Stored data
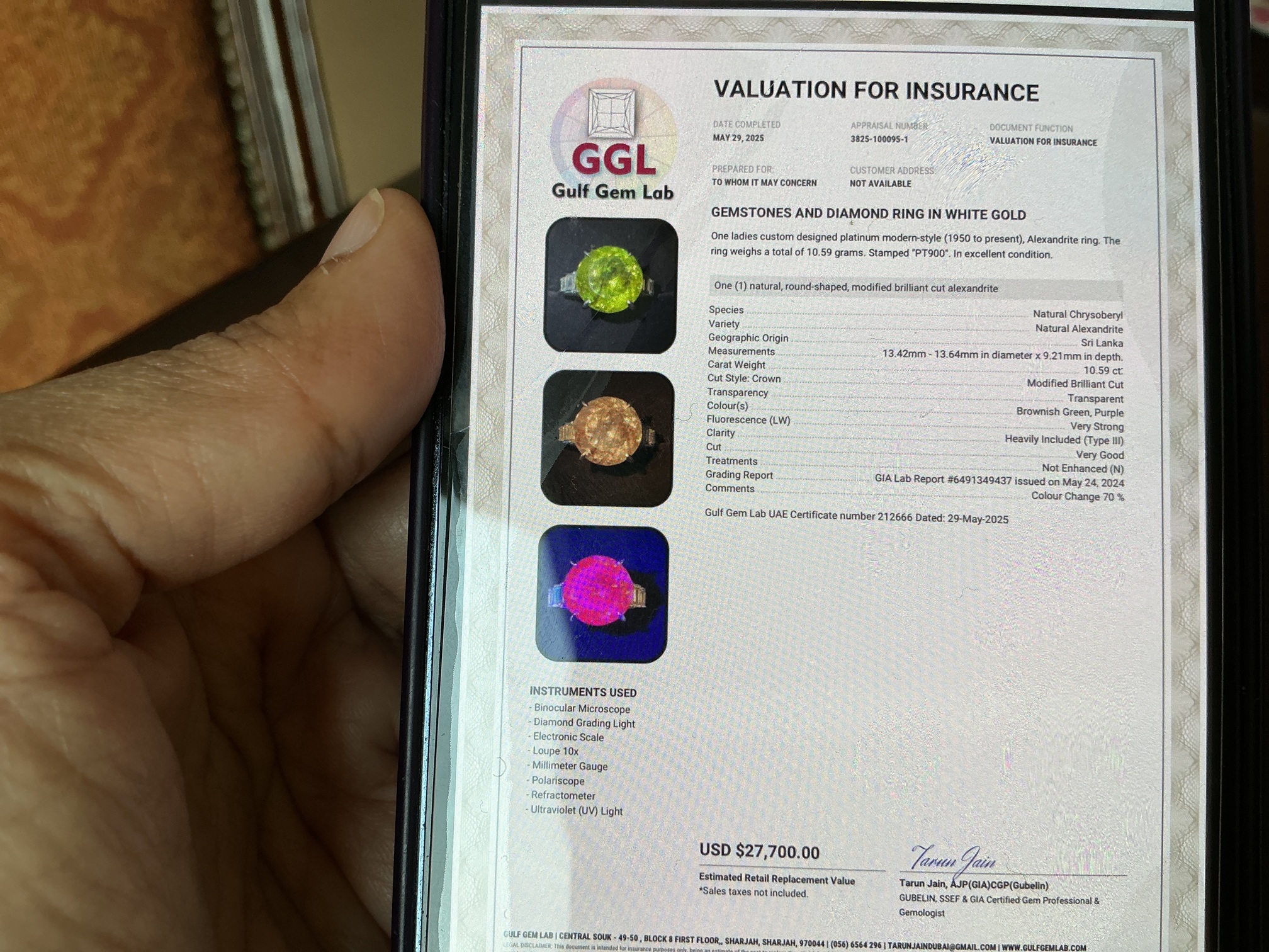 I havnt had it valued . I’m in Dubai and have no idea how and where to do it . I’ve been thinking about sending it to gubelin for one more certificate and they do rate gemstones . I’d definitely like to insure it and maybe even sell it. I just don’t know where to start . Any suggestions I’d be grateful.
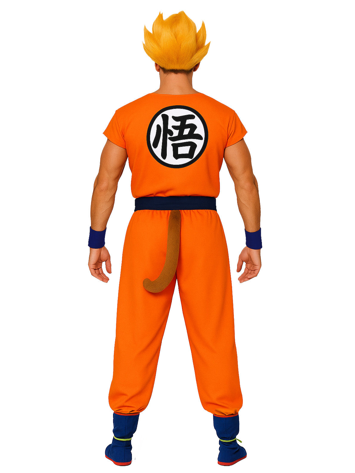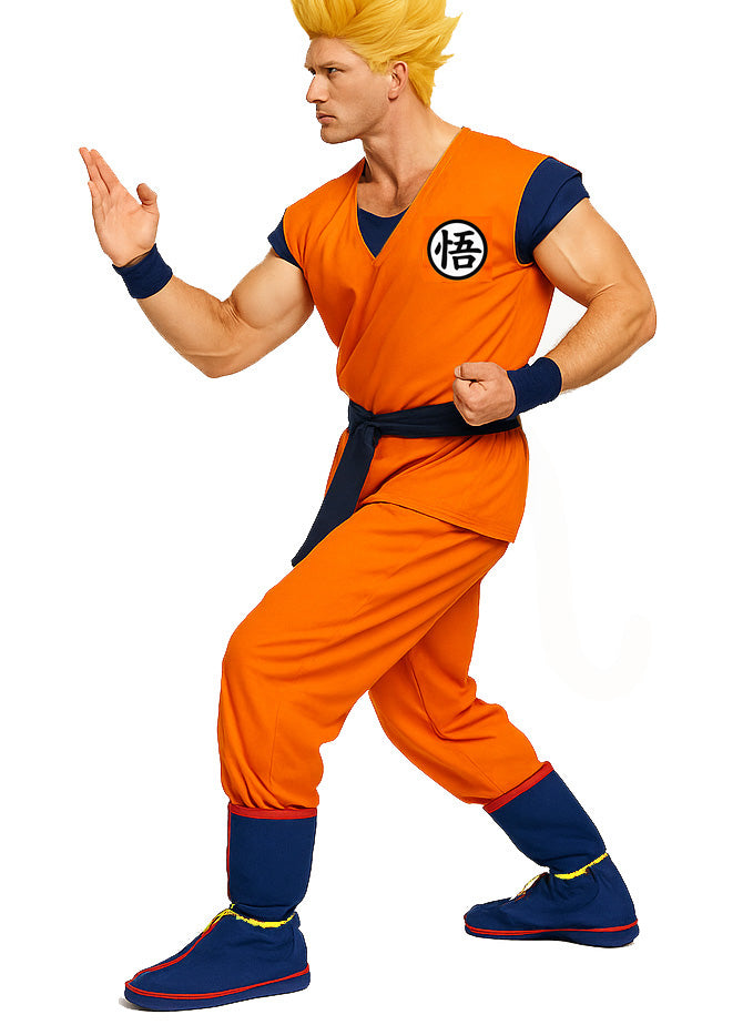 Adult Orange Martial Arts Fighter Costume Set with Spiky Wig
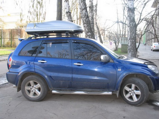 Обратите внимание! Сначала необходимо закрепить на крыше поперечины багажника, а потом уже на них ставится бокс. Если у вас нет поперечников, вы можете подобрать их для своей марки авто здесь.
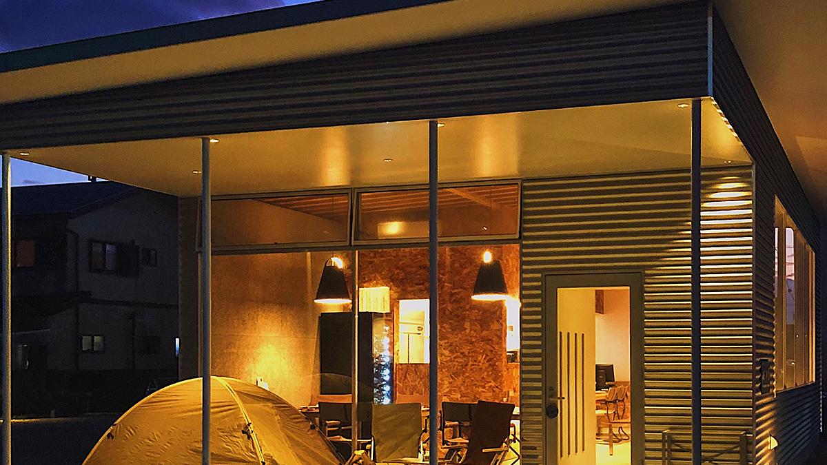 ガラス張りでスタイリッシュな外観に、テーブルや椅子がアウトドアスタイル で統一された内観の「HIKE」。
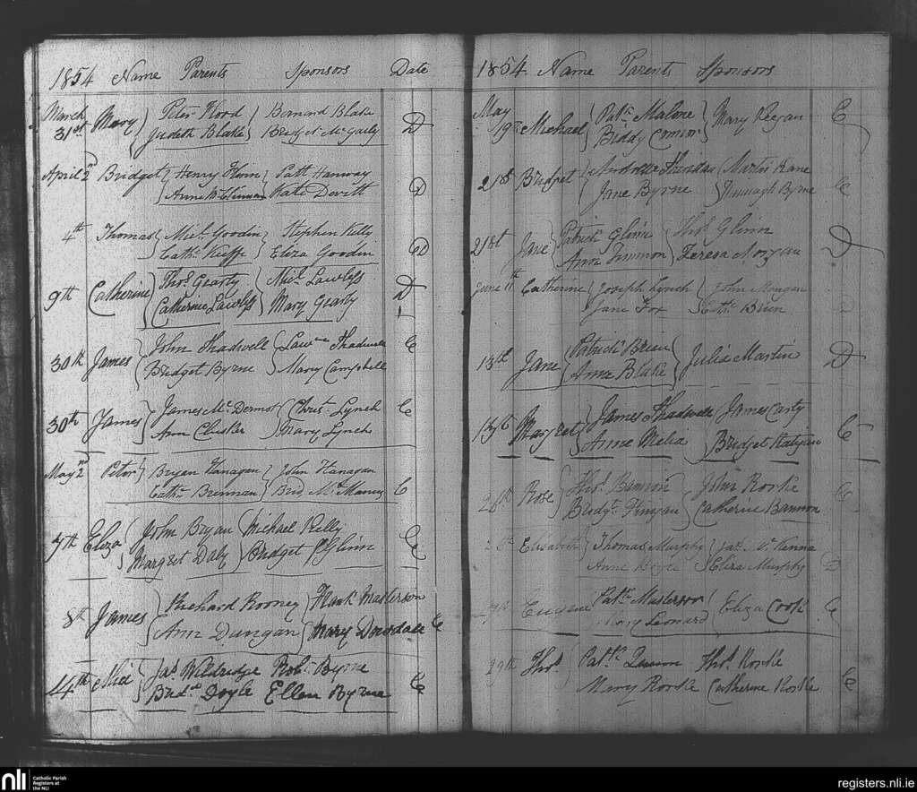 Dunshaughlin; County of Meath; Diocese of Meath. Baptisms, Mar. 1854 to June 1854
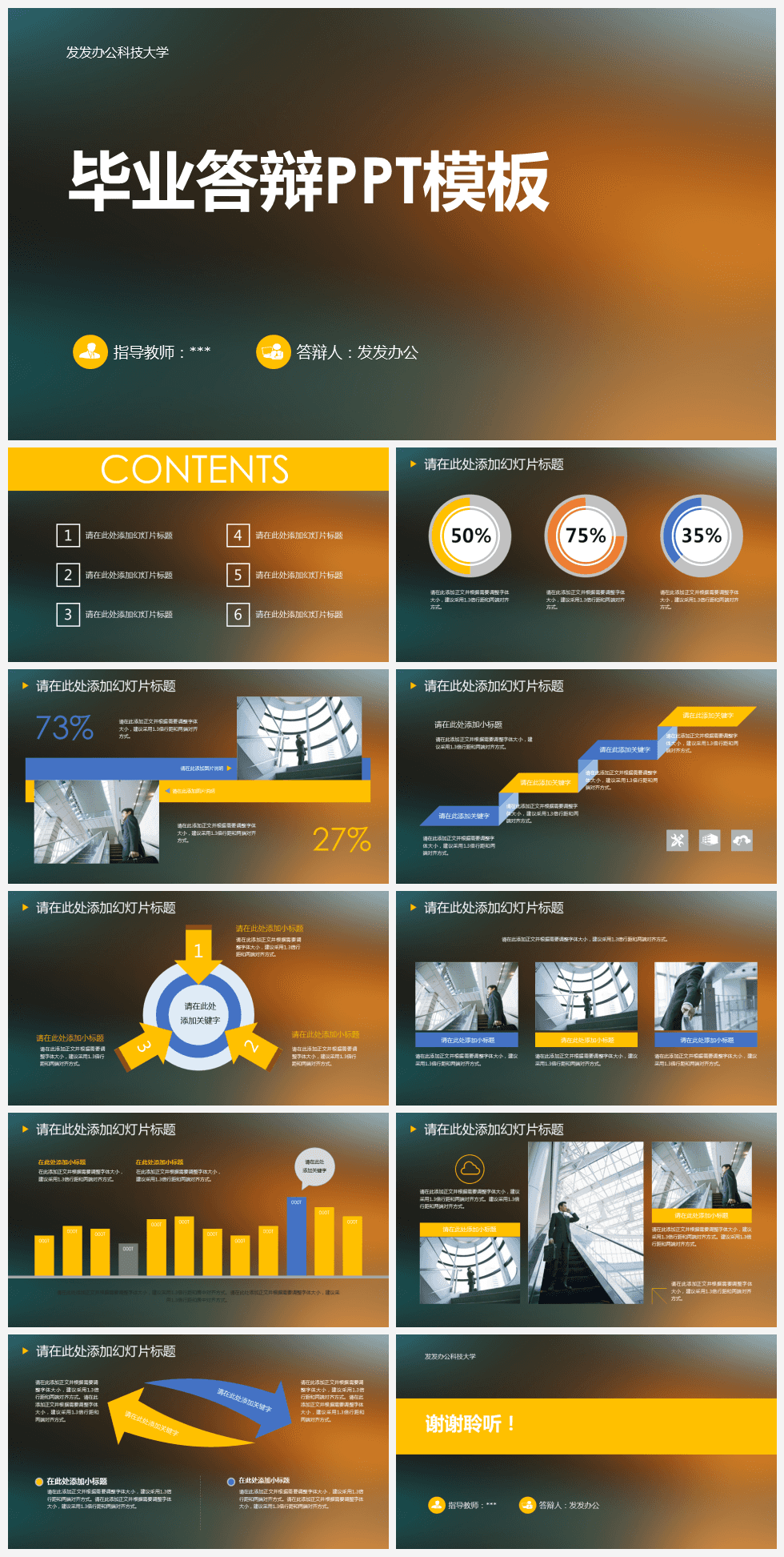 本作品内容为橙蓝半透明苹果IOS风毕业答辩通用PPT模板。 格式为 pptx, 大小1MB, 页数为11,比例自定义, 请使用软件PowerPoint打开, 作品中主体文字及图片可替换修改,文字修改可直接点击文本框进行编辑,图片更改可选中图片后单击鼠标右键选择更换图片,也可根据自身需求增加和删除作品中的内容, 源文件无水印, 欢迎使用发发资源库。

## DIRECTIONS FOR THIS TASK
Except for the pictures, set down all of the records exactly as they are.

## EXERCISE SOLUTION
 I havnt had it valued . I’m in Dubai and have no idea how and where to do it . I’ve been thinking about sending it to gubelin for one more certificate and they do rate gemstones . I’d definitely like to insure it and maybe even sell it. I just don’t know where to start . Any suggestions I’d be grateful.
 Adult Orange Martial Arts Fighter Costume Set with Spiky Wig
 Обратите внимание! Сначала необходимо закрепить на крыше поперечины багажника, а потом уже на них ставится бокс. Если у вас нет поперечников, вы можете подобрать их для своей марки авто здесь.
 ガラス張りでスタイリッシュな外観に、テーブルや椅子がアウトドアスタイル で統一された内観の「HIKE」。
 Dunshaughlin; County of Meath; Diocese of Meath. Baptisms, Mar. 1854 to June 1854
 本作品内容为橙蓝半透明苹果IOS风毕业答辩通用PPT模板。 格式为 pptx, 大小1MB, 页数为11,比例自定义, 请使用软件PowerPoint打开, 作品中主体文字及图片可替换修改,文字修改可直接点击文本框进行编辑,图片更改可选中图片后单击鼠标右键选择更换图片,也可根据自身需求增加和删除作品中的内容, 源文件无水印, 欢迎使用发发资源库。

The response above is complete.